Education advocates agree the shortage is a crisis that keeps teacher diversity an elusive goal, hurting all students.
Research shows teachers of color are linked to social-emotional and academic gains for students of all races — but especially students of color, because teachers of color help close achievement gaps, serve as role models, take a restorative rather than punitive approach to discipline, and increase graduation and college enrollment rates.
“We have to be able to truly understand each other and find a way to navigate our differences, so hiring is only the first part — and it’s the easy part. Finding a way to work well to support our students of all color, that’s the tough part,” said Cecilia Birge, assistant principal at Princeton High School.

What’s the problem?
As head of a union that represents 200,000 New Jersey teachers and school staff, Sean Spiller has plenty of ideas about what has fueled the teacher shortage — and deepened the reluctance among some people of color to join the profession.
“We have the challenge now of people looking at the profession and not liking what they’re seeing,” said Spiller, president of the New Jersey Education Association.
First, he said, is a “perception problem.”
Inequities between districts, with those in communities of color getting fewer “bells and whistles” than other communities, can sour students of color on an education career, he said.
There’s also been a recent “demonizing” of the profession, with a conservative but loud minority of parents and advocates clamoring to restrict what schools teach on things like slavery and racism, Spiller added.
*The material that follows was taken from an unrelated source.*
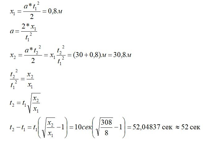 Яхту спускают на воду по наклонным стапелям. Первые 80 см она прошла за 10 секунд. за какое время яхта прошло оставшиеся 30 метров, если движение оставалось равноускоренным?

“If you’re a college student of color, and you saw what an under-resourced teaching experience was like for your teachers, are you going to go into that profession?” Spiller said. “Or are you going to go into something else that is more lucrative financially, where you’re not dealing with the political pressures of what you can and can’t teach and you don’t have to worry about somebody telling you that your history is not real history?”
New Jersey policymakers have aggravated the shortage and diversity efforts, others said.
Beginning around 2013, officials adopted several policies that were intended to improve teacher quality — but instead created barriers that barred some from the profession altogether, disproportionately impacting people of color, said J. Kenyon Kummings, superintendent of Wildwood Public Schools.
They raised the grade point average students need, to 3.0, both to get into and to graduate from a college teacher education program. They also expanded how many standardized tests would-be teachers must pass to prove proficiency.
One such performance assessment, called the edPTA, has only been required since 2017. But it has become such a burden for many teacher candidates that Turner and other legislators introduced a bill earlier this year to abolish it.
“It’s a test that costs a lot of money that’s not needed,” Spiller agreed.
The bill passed in the Legislature and has widespread support from teachers’ unions, the New Jersey School Boards Association, and other advocacy groups. Delaware, Georgia, and the state of Washington also recently dropped edTPA from teacher licensure requirements, and New York lawmakers are considering eliminating it too. But the bill remains unsigned on the governor’s desk.
That frustrates Turner, who fears the teacher shortage and diversity gap will only accelerate without action. She said she wrote to Murphy about a month ago urging him to sign the bill, but hasn’t gotten any response.
Two Republican lawmakers from Cape May — Assemblymen Antwan McClellan and Erik Simonsen — joined that call Thursday. A spokeswoman for the governor declined to comment.
Turner warned that many students will continue opting for other careers, rather than try to overcome the many hurdles they encounter in trying to become teachers.
“We can’t just eliminate or reduce all the requirements, but it’s all about supply and demand,” Turner said. “When you have a greater demand than supply, you’ve got to find a way to increase the supply.”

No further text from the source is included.